*PROBLEM STATEMENT:*
The entries below contain a line with "Hãy là người" and a line with "因爲它已高齡,幾個月前好像有". Retype exactly everything from the first down to the second, both included, and nothing else.

*GIVEN INFORMATION:*
+ + + + + + +
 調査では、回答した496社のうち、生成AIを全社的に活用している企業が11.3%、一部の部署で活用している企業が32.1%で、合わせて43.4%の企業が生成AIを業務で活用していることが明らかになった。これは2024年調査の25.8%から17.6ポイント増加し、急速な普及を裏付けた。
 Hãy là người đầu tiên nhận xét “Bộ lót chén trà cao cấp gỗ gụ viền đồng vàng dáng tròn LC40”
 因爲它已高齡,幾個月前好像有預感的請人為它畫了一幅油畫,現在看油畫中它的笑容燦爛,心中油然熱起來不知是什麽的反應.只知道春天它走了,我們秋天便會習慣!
+ + + + + + +
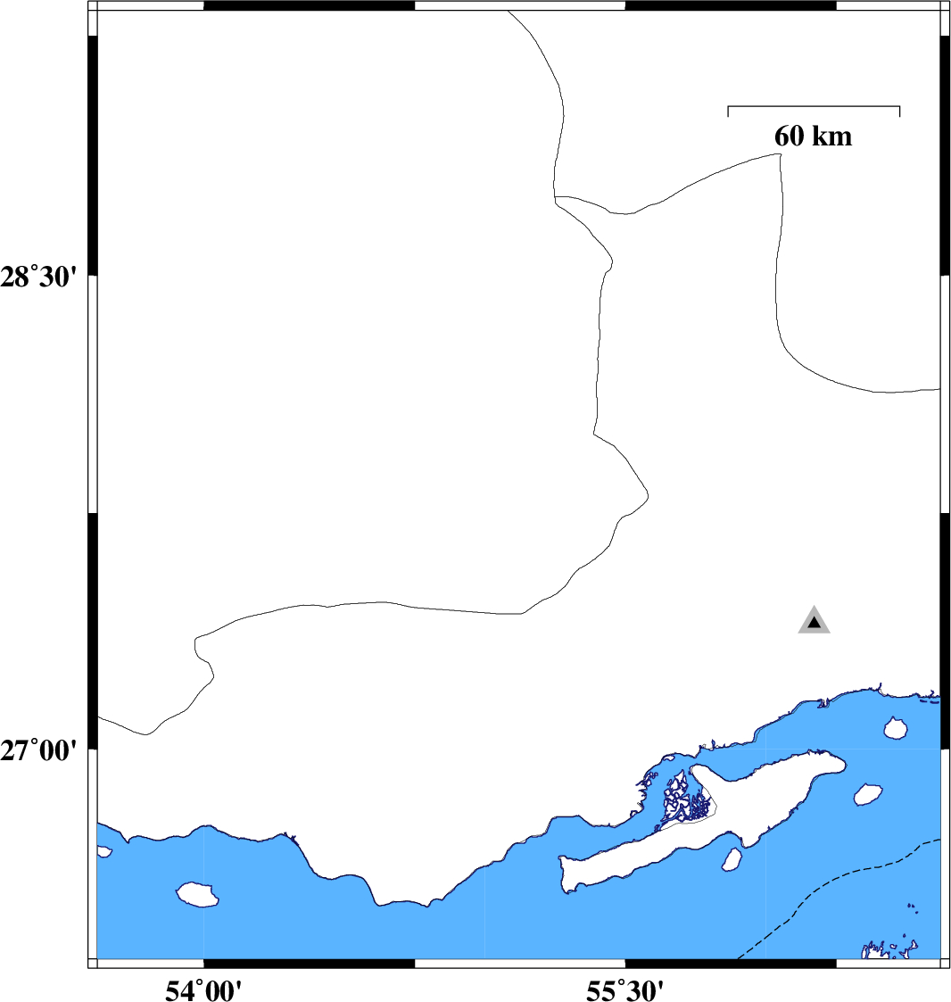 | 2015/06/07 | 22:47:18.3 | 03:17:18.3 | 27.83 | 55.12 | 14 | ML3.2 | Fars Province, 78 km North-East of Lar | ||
+ + + + + + +
*ANSWER BOX:*
 Hãy là người đầu tiên nhận xét “Bộ lót chén trà cao cấp gỗ gụ viền đồng vàng dáng tròn LC40”
 因爲它已高齡,幾個月前好像有預感的請人為它畫了一幅油畫,現在看油畫中它的笑容燦爛,心中油然熱起來不知是什麽的反應.只知道春天它走了,我們秋天便會習慣!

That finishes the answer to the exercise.